Alexey Timin for ReductStore

Posted on Oct 11, 2022

How to keep a history of file changes with C++

#cpp #tutorial #beginners #reductstorage

Here, I'm going to show you how you can keep track of file changes in a directory and store them in Reduct Storage by using its C++ client SDK. You can find the full working example here.

Running Reduct Storage

If you're a Linux user, the easiest way to run the storage engine is Docker. This is an example of a docker-compose.yml file:

services:
  reduct-storage:
    image: reductstorage/engine:v1.0.1
    volumes:
      - ./data:/data
    environment:
      RS_LOG_LEVEL: DEBUG
    ports:
      - 8383:8383

You also can download binaries and run them:

RS_DATA_PATH=./data reduct-storage

If everything is ok, you should see Web Console on http://127.0.0.1:8383.

Installing Reduct Storage SDK for C++

Currently, you can only build and install the library manually. Follow this instruction.

File Watcher in C++

The SDK provides cmake find script, so you can easily integrate it in your CMake project. This is the example of your CMakeLists.txt:

cmake_minimum_required(VERSION 3.23)
project(file_watcher_example)

set(CMAKE_CXX_STANDARD 20)

find_package(ReductCpp 1.0.1)
find_package(ZLIB)
find_package(OpenSSL)

add_executable(file_watcher main.cc)
target_link_libraries(file_watcher 
  ${REDUCT_CPP_LIBRARIES} ${ZLIB_LIBRARIES} 
  OpenSSL::SSL OpenSSL::Crypto)

Now we're ready to write C++ code. Our main.cc file:

#include <reduct/client.h>

#include <filesystem>
#include <fstream>
#include <iostream>
#include <map>
#include <regex>
#include <thread>

constexpr std::string_view kReductStorageUrl = "http://127.0.0.1:8383";
constexpr std::string_view kWatchedPath = "./";

namespace fs = std::filesystem;

int main() {
  using ReductClient = reduct::IClient;
  using ReductBucket = reduct::IBucket;

  auto client = ReductClient::Build(kReductStorageUrl);

  auto [bucket, err] = client->GetOrCreateBucket(
      "watched_files", ReductBucket::Settings{
                           .quota_type = ReductBucket::QuotaType::kFifo,
                           .quota_size = 100'000'000,  // 100Mb
                       });
  if (err) {
    std::cerr << "Failed to create bucket" << err << std::endl;
    return -1;
  }

  std::cout << "Create bucket" << std::endl;

  std::map<std::string, fs::file_time_type> file_timestamp_map;
  for (;;) {
    for (auto& file : fs::directory_iterator(kWatchedPath)) {
      bool is_changed = false;
      // check only files
      if (!fs::is_regular_file(file)) {
        continue;
      }

      const auto filename = file.path().filename().string();
      auto ts = fs::last_write_time(file);

      if (file_timestamp_map.contains(filename)) {
        auto& last_ts = file_timestamp_map[filename];
        if (ts != last_ts) {
          is_changed = true;
        }
        last_ts = ts;
      } else {
        file_timestamp_map[filename] = ts;
        is_changed = true;
      }

      if (!is_changed) {
        continue;
      }

      std::string alias = filename;
      std::regex_replace(
          alias.begin(), filename.begin(), filename.end(), std::regex("\\."),
          "_");  // we use filename as an entyr name.

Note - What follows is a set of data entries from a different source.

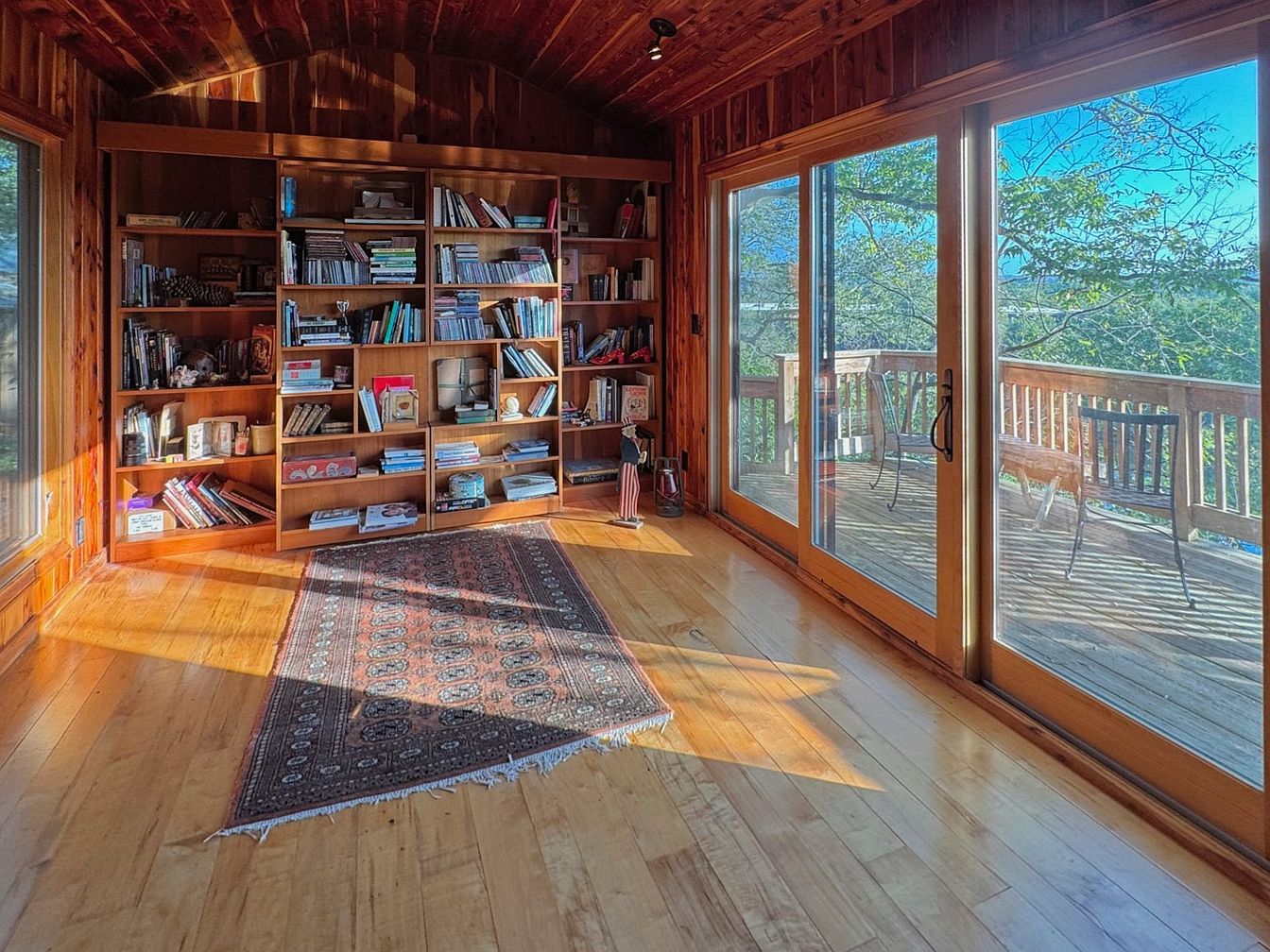 This cozy reading nook features rich wooden paneling, creating a warm and inviting atmosphere. A large, custom-built bookshelf occupies one wall, filled with an eclectic mix of books and personal items. Sunlight pours in through expansive sliding glass doors, illuminating the space and offering a stunning view of the deck outside. The polished hardwood floor adds a glossy finish, complemented by a patterned area rug that introduces texture and color. Minimalist furniture, including a simple chair positioned to enjoy the view, enhances the serene ambiance. Overall, this space encourages relaxation and contemplation.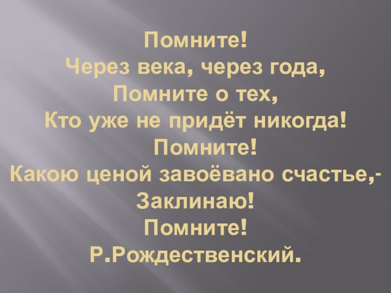 завоёвано счастье,- Заклинаю! Помните! Р.Рождественский.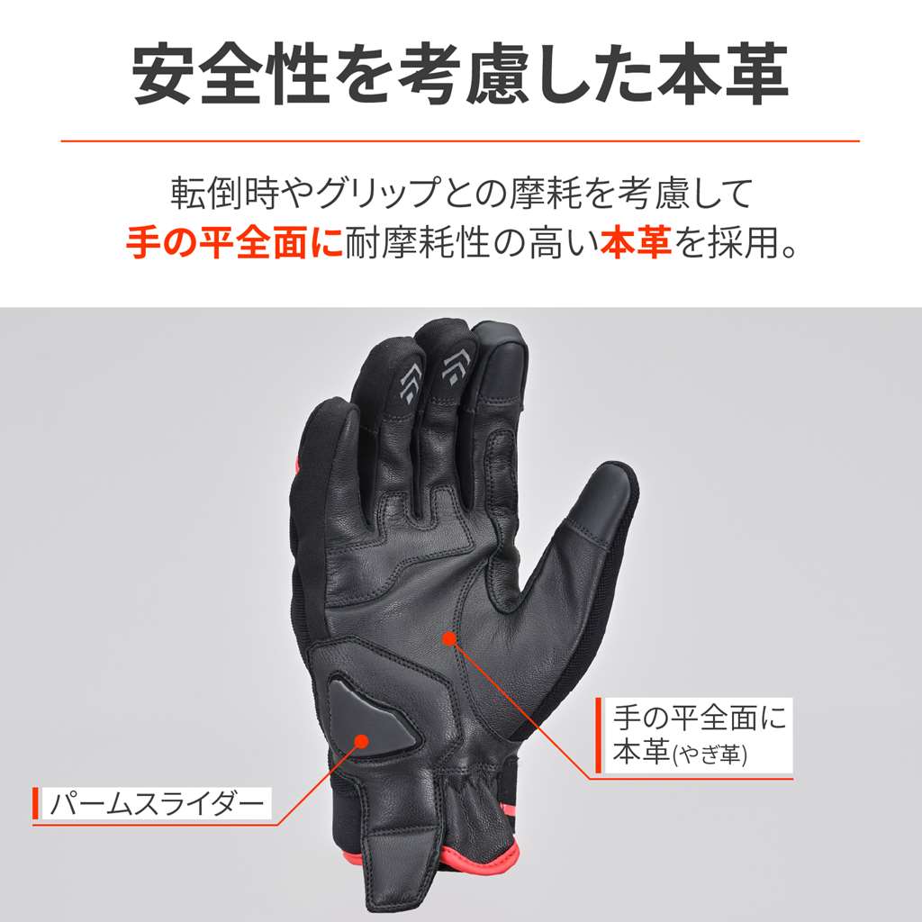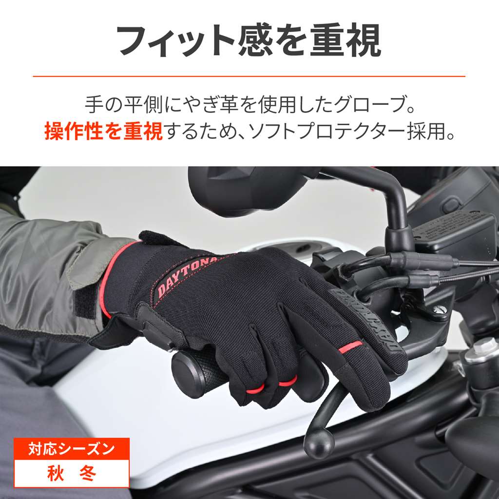 フィット感を重視した操作性の高いソフトフィットグローブ。転倒時もっとも接地しやすい手の平側は、本革を使い摩耗性と耐久性を確保。柔らかい質感ながら、シンサレート中綿と防風防水透湿フィルム入りで暖かいウインターグローブ。シーズン:秋冬フィット感を重視したソフトフィットグローブ手の平に本革採用で、グリップとの摩耗に強くなり安全性を向上防風防水透湿フィルム+シンサレート中綿で暖かいタッチパネル対応。人差し指は側面まで対応することで操作性向上※タッチパネル対応はグローブへの密着度や個人差により感度にばらつきがあります。※経年劣化や使用状況により防水フィルムが破損することがあります。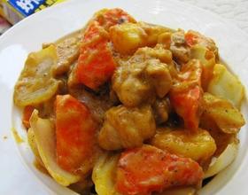 超级好吃的奶香咖喱鸡,原先我做咖喱的菜,最后的成品总是会差那么一点儿味,咖喱的酸涩味会有点儿重,偶然得知了这个窍门,那就是在咖喱酱里再加上一些淡奶,会让咖喱瞬间变的柔滑,丰厚,浓香无比,这盘咖喱鸡,可真是让我小小的陶醉,因为一点儿不比饭店里的差呢~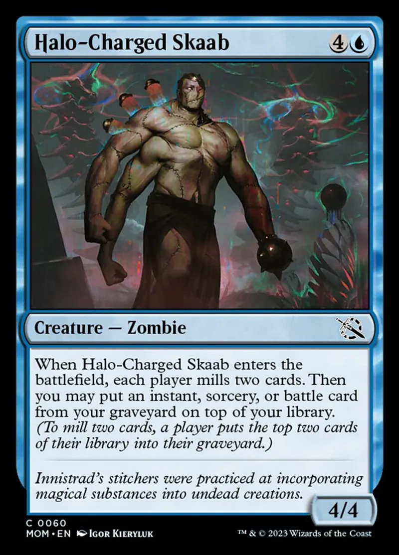 | Oracle Text | When Halo-Charged Skaab enters the battlefield, each player mills two cards. Then you may put an instant, sorcery, or battle card from your graveyard on top of your library. (To mill two cards, a player puts the top two cards of their library into their graveyard.) | ||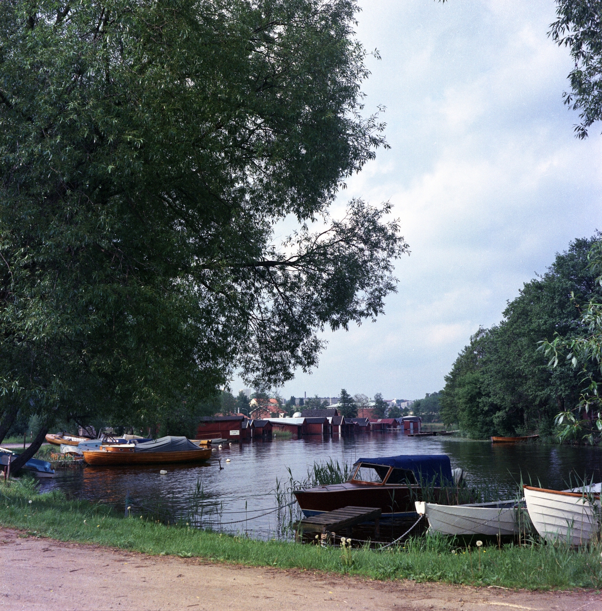 Båtar och båthus vid Huskvarnaån. I bakgrunden syns Österängen.

It can't contain dots.
      std::cout << "`" << filename << "` is changed. Storing as `" << alias
                << "` ";

      std::ifstream changed_file(file.path());
      if (!changed_file) {
        std::cerr << "Failed open file";
        return -1;
      }

      auto file_size = fs::file_size(file);

      auto write_err = bucket->Write(
          alias, std::chrono::file_clock::to_sys(ts),
          [file_size, &changed_file](ReductBucket::WritableRecord* rec) {
            rec->Write(file_size, [&](size_t offest, size_t size) {
              std::string buffer;
              buffer.resize(size);
              changed_file.read(buffer.data(), size);
              std::cout << "." << std::flush;
              return std::pair{offest + size <= file_size, buffer};
            });
          });

      if (write_err) {
        std::cout << " Err:" << write_err << std::endl;
      } else {
        std::cout << " OK (" << file_size / 1024 << " kB)" << std::endl;
      }
    }

    std::this_thread::sleep_for(std::chrono::milliseconds(100));
  }
  return 0;
}

Okay, it has quite many lines but don't worry this is a simple program. Let's look at the code in detail.

Creating a Bucket

To start writing to the database, we must create a bucket:

  auto client = ReductClient::Build(kReductStorageUrl);
  auto [bucket, err] = client->GetOrCreateBucket(
      "watched_files", ReductBucket::Settings{
                           .quota_type = ReductBucket::QuotaType::kFifo,
                           .quota_size = 100'000'000,  // 100Mb
                       });
  if (err) {
    std::cerr << "Failed to create bucket" << err << std::endl;
    return -1;
  }

Here we build a client which should use a storage engine with the kReductStorageUrl URL. Then we create a bucket with the watched_files name or get an existing one. Pay attention, we provide some settings as well to limit it size with 100Mb, so that the storage engine starts removing old data when we reach this quota.
The SDK doesn't throw any exceptions. Each method returns reduct::Error or reduct::Result<T>, so you can easily check the result in your code and print error messages.

Watching Files

We implement the file watcher in a straightforward way:

  std::map<std::string, fs::file_time_type> file_timestamp_map;
  for (;;) {
    for (auto& file : fs::directory_iterator(kWatchedPath)) {
      bool is_changed = false;
      // check only files
      if (!fs::is_regular_file(file)) {
        continue;
      }

      const auto filename = file.path().filename().string();
      auto ts = fs::last_write_time(file);

      if (file_timestamp_map.contains(filename)) {
        auto& last_ts = file_timestamp_map[filename];
        if (ts != last_ts) {
          is_changed = true;
        }
        last_ts = ts;
      } else {
        file_timestamp_map[filename] = ts;
        is_changed = true;
      }

      if (!is_changed) {
        continue;
      }

      // Storing a changed file...

      std::this_thread::sleep_for(
std::chrono::milliseconds(100));

}

We travel through a given directory fs::directory_iterator(kWatchedPath) and keep the last modification time of each file in the file_timestamp_map map. If it is new (wasn't in the map) or it is changed (timestamp is different), we set the is_changed flag to start storing the changed file.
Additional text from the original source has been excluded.